Court Opinion

ID: 2394815
Source: CourtListenerOpinion
Date Created: 2013-10-30 09:20:55.561259+00
Date Added: 2024-06-11T10:58:13.302726
License: Public Domain

510 Pa. 247 (1986)
507 A.2d 369
COMMONWEALTH of Pennsylvania, PENNSYLVANIA HUMAN RELATIONS COMMISSION, Appellant,
v.
SCRANTON SCHOOL DISTRICT, Appellee.
Supreme Court of Pennsylvania.
Argued January 22, 1986.
Decided April 2, 1986.
*248 G. Thompson Bell, Asst. Gen. Counsel, Harrisburg, for appellant.
Edwin Abrahamson, Sol., Scranton, for appellee.
NIX, C.J., and LARSEN, FLAHERTY, McDERMOTT, HUTCHINSON, ZAPPALA and PAPADAKOS, JJ.

OPINION OF THE COURT
HUTCHINSON, Justice.
The Pennsylvania Human Relations Commission ("Commission"), asserting we have jurisdiction under 42 Pa.C.S. § 723(a), has filed this direct appeal from an order of Commonwealth Court denying the Commission's petition for enforcement. In 1981, the Commission issued an order against the Scranton School District after Mrs. Angeline Mackarey, an employee, alleged that Scranton School District had discriminated against her in the course of her employment. The School District did not appeal that order. *249 Mrs. Mackarey later returned to the Commission alleging that the School District violated the Commission's order. The Commission then filed a petition for enforcement of its order in Commonwealth Court.
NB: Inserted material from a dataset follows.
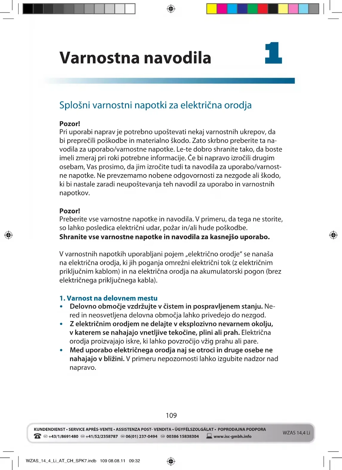 +43/1/8691480 +41/52/2358787 06(01) 237-0494 00386 15838304KUNDENDIENST • SERVICE APRÈS-VENTE • ASSISTENZA POST- VENDITA • ÜGYFÉLSZOLGÁLAT • POPRODAJNA PODPORAwww.isc-gmbh.infoWZAS 14,4 Li Splošni varnostni napotki za električna orodja Pozor! Pri uporabi naprav je potrebno upoštevati nekaj varnostnih ukrepov, da bi preprečili poškodbe in materialno škodo. Zato skrbno preberite ta na- vodila za uporabo/varnostne napotke. Le-te dobro shranite tako, da boste imeli zmeraj pri roki potrebne informacije. Če bi napravo izročili drugim osebam, Vas prosimo, da jim izročite tudi ta navodila za uporabo/varnost- ne napotke. Ne prevzemamo nobene odgovornosti za nezgode ali škodo, ki bi nastale zaradi neupoštevanja teh navodil za uporabo in varnostnih napotkov. Pozor! Preberite vse varnostne napotke in navodila. V primeru, da tega ne storite, so lahko posledica električni udar, požar in/ali hude poškodbe. Shranite vse varnostne napotke in navodila za kasnejšo uporabo. V varnostnih napotkih uporabljani pojem „električno orodje“ se nanaša na električna orodja, ki jih poganja omrežni električni tok (z električnim priključnim kablom) in na električna orodja na akumulatorski pogon (brez električnega priključnega kabla).

That court, after holding evidentiary hearings, denied the petition. The Commission filed its notice of appeal to our Court.
We addressed the issue of whether there is a right of direct appeal to this Court from Commonwealth Court orders in enforcement proceedings in Pennsylvania Department of Aging v. Lindberg, 503 Pa. 423, 469 A.2d 1012 (1983), and held there is not. In that case, the plurality expressly disapproved of our opinion in Pennsylvania Human Relations Commission v. School District of Philadelphia, 480 Pa. 398, 390 A.2d 1238 (1978) (plurality opinion), which allowed an appeal as of right in enforcement cases. This necessarily follows from the reasoning in Lindberg that 42 Pa.C.S. § 723(a) does not allow a direct appeal as of right from orders entered on enforcement petitions filed in Commonwealth Court. There, the petition for enforcement filed by Mr. Lindberg was against the Department of Aging for violation of a State Civil Service Commission's reinstatement order which Commonwealth Court had affirmed on appeal. Here, the Human Relations Commission is seeking enforcement of its order which was never reviewed by Commonwealth Court on the merits but became final when appellee did not appeal. This distinction is immaterial. Thus, following Lindberg, we must quash this direct appeal. Without regard to whether enforcement petitions are within Commonwealth Court's original jurisdiction, 42 Pa. C.S. § 761, they do not involve matters "originally commenced" in that court as required by 42 Pa.C.S. § 723(a). Treating the papers filed as a petition for allowance of appeal, 42 Pa.C.S. § 724(b), Pa.R.A.P. 1102, the petition is denied.
Appeal quashed; petition for allowance of appeal denied.
PAPADAKOS, JJ., concurs in the result.
McDERMOTT and ZAPPALA, JJ., file a dissenting opinion.
*250 McDERMOTT, Justice, dissenting.
In the case relied upon by the majority, a plurality of this Court quashed a party's appeal from an enforcement order entered by the Commonwealth Court. See Pennsylvania Department of Aging v. Lindberg, 503 Pa. 423, 469 A.2d 1012 (1983). I concurred in the result on the basis that the enforcement order there at issue was merely ancillary to the Commonwealth Court's appellate jurisdiction. See Concurring Opinion, McDermott, J., Id., 503 Pa. at 436, 469 A.2d at 1019.
Here, however, the Commonwealth Court never had appellate jurisdiction. Thus, the Lindberg decision is not directly on point. Since the enforcement proceeding in this case, by necessity, was originally commenced in the Commonwealth Court I dissent from the decision to quash the appeal.
ZAPPALA, Justice, dissenting.
I dissent from the Court's decision to quash the appeal, treat the matter as a petition for allowance of appeal, and deny allocatur. See Pennsylvania Department of Aging v. Lindberg, 503 Pa. 423, 436, 469 A.2d 1012, 1019 (1983) (Concurring Opinion of Roberts, C.J., joined by Zappala, J.). As to the merits of the appeal, believing that the Commonwealth Court properly decided the issue presented, I would affirm the Order of that court.